What to produce: Would you copy exactly the lines in the data below from the one that has "金屬蝕刻 材料SUS304 SUS301 不同狀態下的機械性能" through the one that has "РИНОК ЖИТЛОВОЇ НЕРУХОМОСТІ", dropping any pictures?

Provided data:
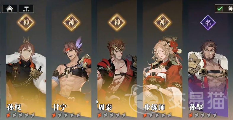 三国志幻想大陆2枭之歌吴国火烧队就是围绕着周瑜陆逊来构造的,上述这几位则是最优选,还有第六个补位的,根据关卡的类型来补充不同的武将,有的需要群攻的,有的需要可以切一排的或者一列,还有的可以上双治疗或者双盾,大家根据实战情况选择即可。当然,如果后续有孙策实装的话,这个位置也是有可能摆上他的。
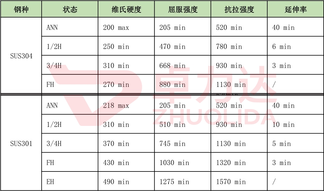金屬蝕刻 材料SUS304 SUS301 不同狀態下的機械性能
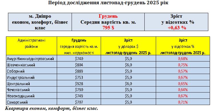 РИНОК ЖИТЛОВОЇ НЕРУХОМОСТІ ЕКОНОМ, КОМФОРТ, БІЗНЕС КЛАС, МІСТО ДНІПРО, ГРУДЕНЬ 2025 РІК
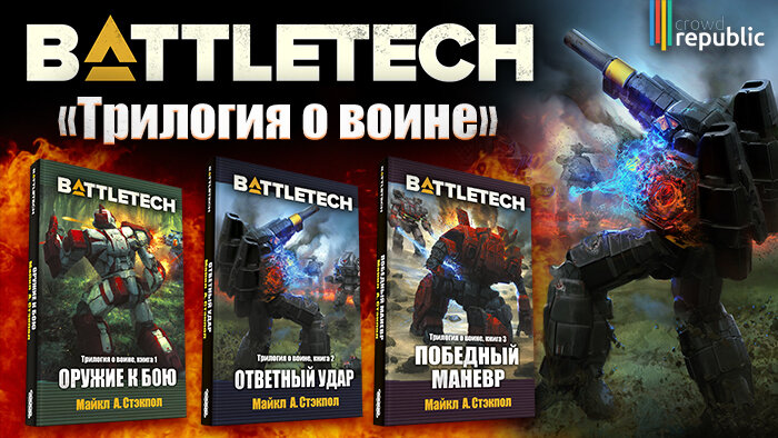 Размещена: Издательство Hobby World взялось за локализацию книжной серии BattleTech. В прошлом году была издана «Сага о Легионе Серой Смерти» Уильяма Г. Кита мл. И теперь издательство занято переводом следующих книг по вселенной — «Трилогии о воине» Майкла А. Стэкпола. Трилогия о воине» Майкла А. Стэкпола — три книги, связанные общим сюжетом. Книги будут изданы в твердом переплете и с дополнительными материалами — так же, как и «Сага».

Task response:
金屬蝕刻 材料SUS304 SUS301 不同狀態下的機械性能
 РИНОК ЖИТЛОВОЇ НЕРУХОМОСТІ ЕКОНОМ, КОМФОРТ, БІЗНЕС КЛАС, МІСТО ДНІПРО, ГРУДЕНЬ 2025 РІК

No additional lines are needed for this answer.